Не могу уже вспомнить, как я поднялся затем почти к чердаку. Вокруг сновали туристы, дети и, кажется, скульпторы с глупыми лицами и такими руками, будто они только что перед тем рубили ими скотину. Здесь из уст милой, но прыщеватой экскурсоводки я узнал, что нахожусь в преддверье выставки современной немецкой живописи: ее только что привезли в Петербург. Кажется, я что-то платил за право взглянуть на эту мазню. Все было как всегда: кубический красный вечер, синяя зима (тоска по России, о которой они т а м что-то слыхали), фламандский мужик с вывернутой рукой. Две-три работы были удачны. Вдруг я застыл как вкопанный (мне и впрямь казалось, что меня вот-вот закопают) перед одним холстом. Опишу его.
Он был небольшого размера, в рамах без украшений. Главный тон - бледно-зеленый с просинью. Сюжет банален: двое диких (или первобытных) в борьбе за самку. Она стоит в стороне. Герои показались мне скучны. Зато от нее я не мог отвести глаз. Она была представлена голой, в безвольной позе ожидания. Стоило присмотреться к ней, чтобы понять, что она одной расы с кавалерами. Те были звери. Их низкорослость, их корявость, все было в ней. Зато ее нагота светилась сквозь их полный свежего мяса мир, обещая то, что с трудом можно найти в белизне лучших из подвенечных платьев. Кажется, она слегка улыбалась. Врачи знают, что болезнь, поражая тело, на миг может дать ему вдруг избыток сил. Этот избыток я ощутил в себе, к тому же самым неловким образом. Я согнулся, как бы рассматривая подпись.
Жуткая Венера стала предметом моих бредовых грез. Неделю я метался в жару на подушках, стараясь найти выход из лабиринта дворцов, где двери вели к ней и указатели называли ее имя. Я знал, что я ищу; я искал исток. Веня таскал мне хлеб и микстуру.

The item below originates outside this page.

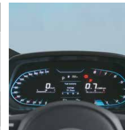
Digital cluster with TFT multi information display

Other features: Superior leg room and thigh support | Sliding front armrest | Leather wrapped steering wheel and gear knob | Metal finish inside door handles

Наконец, вновь обретя ясность, я явился, шатаясь, в музей, прошел по странно-сморщенным маршам мимо выцветших вдруг картин, поднялся наверх, вареным языком сообщил часть своих регалий и под предлогом специального интереса стал расспрашивать о холсте. Я был готов к тому, что т е п е р ь ничего в нем не увижу: бациллы порой нам открывают глаза... Поздно! Выставку увезли, копий не сделали, и та же прыщавая искусствоведша, на сей раз смазанная крем-пудрой, звала меня коллегой и могла лишь сказать, что автор (не помню имени) еще не стар, подает надежды, прежде работал в рекламном бюро и несколько лет назад деятельно участвовал в борьбе за закон по защите художников от государства.
АЛХИМИЯ
Привыкнув к моему обществу, Веня исправно навещал меня. Я был этому рад. Мы оба любили шашки, а эта игра требует родства душ. Вечером, сев на койку, мы раскидывали доску, либо сражались в клабур (род преферанса на двоих), либо просто болтали. Как-то я рассказал ему два-три случая из моих легкомысленных похождений. Разумеется, о сердечных тайнах речи не шло. К моему удивлению, однако, Веня воспринял беседу всерьез. Он замолчал и насупился. Видя, что тема ему в тягость, я хотел ее сменить, но было поздно. Какая-то мысль завладела им, он стал рассеян и наконец поднялся, чтобы уйти.